It's less terrible if you're just doing mostly stateless web stuff, but that's not my world.

In the time it takes to run terraform plan, I could have pushed erlang code to all my machines, loaded it, and (usually) confirm I fixed what I wanted to fix.

Low cost of deploy means you can do more updates which means they can be smaller which makes them easier to review.

alberth1y ago

(2016)

dang1y ago

Where do you see that? I couldn't find it.

gnabgib1y ago

It's in the URL :D But yeah, the page doesn't make it clear (and some of the embedded JS has a 2020 date suggesting it's received updates).

In the RSS feed too: Wed, 07 Dec 2016 https://kennyballou.com/index.xml

dang1y ago

Hidden in plain view! Ok, let's put 2016 above, on the assumption that the edits since then haven't been too major.

omertoast1y ago

i'm so sick of this DevOps bullshit i wonder if there is an alternative language that you can hot swap code and do all the black magic stuff while keeping the reliability and performance like Rust.

saurik1y ago

I am shocked at the idea of anyone implying that Erlang is "unreliable"... it's entire reason for existence was to step up the game on reliability.

dcsommer1y ago

GP seems to be implying hot swapping, not Erlang, is unreliable. To which, from my experience using it in Erlang, I heartily agree is fraught. Inconsistent state across nodes is much harder to reason about. When you _must_ ensure consistency, hot swapping is reckless, especially as org size and product complexity increases.

Leave hot loading to local/development environments, not production deploys.

Loading configs on the fly can also have some of this risk, but it is much easier to reason about typically.

Muromec1y ago

I heard the quote that some 50% of the mobile traffic is handled by erlang. Somehow the other 50% seems to be doing just fine (except the usual shitshow on the inside that sofware is everywhere all the time).

simoncion1y ago

> I heard the quote that some 50% of the mobile traffic is handled by erlang.

Given that you can implement OTP in any language (albeit with varying degrees of difficulty), that's not surprising.
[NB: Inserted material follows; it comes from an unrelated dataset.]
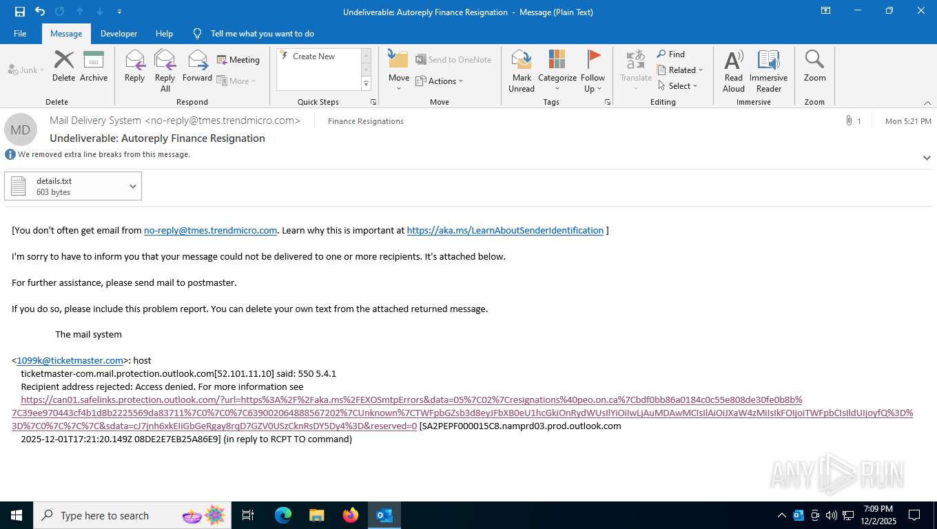 Analysis Undeliverable_ Autoreply Finance Resignation.eml (MD5 ...

The thing to remember is that Erlang was first used in production in like 1986. nearly forty years is more than enough time for the biggest good ideas in Erlang to percolate out into non-BEAM systems.

zanderwohl1y ago

I agree. I don't know much about Erlang but what I've heard seems to indicate it's used for high-uptime systems that handle errors well.

Muromec1y ago

I suspect the causality is reversed. When you have a good designed telecom system, then spmething shaped as erlang happens to be a good tool to create to implement it. The tool than keeps you committed to the design choices you made by being restrictive enough.

LAC-Tech1y ago

As someone who is now in the rust world and very very sympathetic to the Erlang world... you both probably mean completely different things when you say "reliable". The contexts are just world apart.

gf0001y ago

It's not well known, but the JVM has very good hot reload support, and is a very reliable and performant platform.

Muromec1y ago

The black magic comes at the cost of not having one streamlined procedure to release stuff.

And to make the black magic work you have to engage with it. Most of the time people don't even bother write to a proper import.meta.hot.accept thingy in javascript. Developers simply hate chores, which is evident by not willing to write proper unit tests (despite knowing that tests work) or writing just enough to let the coverage cop pass ship the build.

A dedicated small team running something like whatsup? Sure, look into the arcane and let it look back at you (although high insight makes one more susceptible to madness you know). But most of the time you will do better job with PHP in a stupid restartable box behind seven load balancing proxies.

yetihehe1y ago

> The black magic comes at the cost of not having one streamlined procedure to release stuff.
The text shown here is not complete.